Innti
- Editor: Michael Davitt
- Categories: Irish poetry
- Frequency: Sporadic
- First issue: 1970
- Country: Ireland
- Based in: County Cork
- Language: Irish language

= Innti =

Irish language poetry movement

Innti was a literary movement of poets writing Modern literature in Irish, associated with a literary journal of the same name founded in 1970 by Michael Davitt, Nuala Ní Dhomhnaill, Gabriel Rosenstock, Liam Ó Muirthile, later joined by Louis de Paor. These writers were students of University College Cork, drawing inspiration from Seán Ó Ríordáin and Seán Ó Riada, as well as American influences such as the Beat movement and the counterculture of the 1960s. Their reception was mixed, with literary traditionalists resenting their urbanism, social liberalism and "foreign" Anglo-American influences.

==Background==
Some prominent Gaelic poets in the generation prior to Innti were associated with the journal Comhar. Among these, who were of relevance to Innti were Seán Ó Ríordáin and the author of Nuabhéarsaíocht, Seán Ó Tuama. These writers were both from the County Cork area and Ó Ríordáin especially introduced European-styles into Irish-language poetry and themes of modern urban life. Ó Tuama held seminars on Irish poetry at University College Cork where Innti was founded in 1970.

Aside from these local Irish influences, Innti was also influenced by the American-led counterculture of the 1960s which spread throughout the Western world. Among these foreign influences (principally from American poetry) were Beat poets such as Allen Ginsberg and Jack Kerouac. Innti marked a counterpoint to the traditional Irish nationalist idealization of the Gaeltacht as a somewhat austere, rural Catholic bastion of a Pre-Colonial Ireland, counter-posed to "English decadence" in the cities. The Sexual Revolution, questioning of authority, a more cosmopolitan writing of Gaelicness and the arrival of pop music were innovations in Gaelic from Innti.

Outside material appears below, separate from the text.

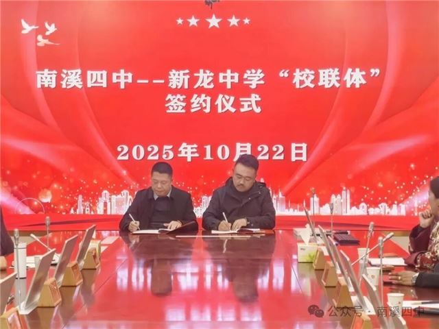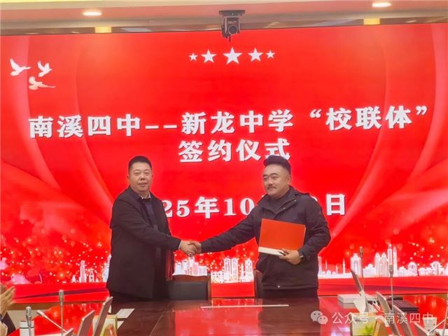 为推进区域教育优质均衡发展,10月22日,甘孜州新龙县中学(教师进修校)与宜宾市南溪区第四中学校2025-2028年校联体工作协议签约仪式顺利完成。

The eclecticism of Innti, drawing from non-Gaelic sources, also allowed for Oriental-influences, such as the Tibetan Book of the Dead and Japanese haiku poetry, to feature alongside Anglophone and French modernist ones such as E. E. Cummings, T. S. Eliot, Wallace Stevens and Charles Baudelaire. This post-Christian environment even led to some, such as Rosenstock, exploring deeper Indo-European connections between Buddhism and pre-Christian Irish mythology and Gaelic culture.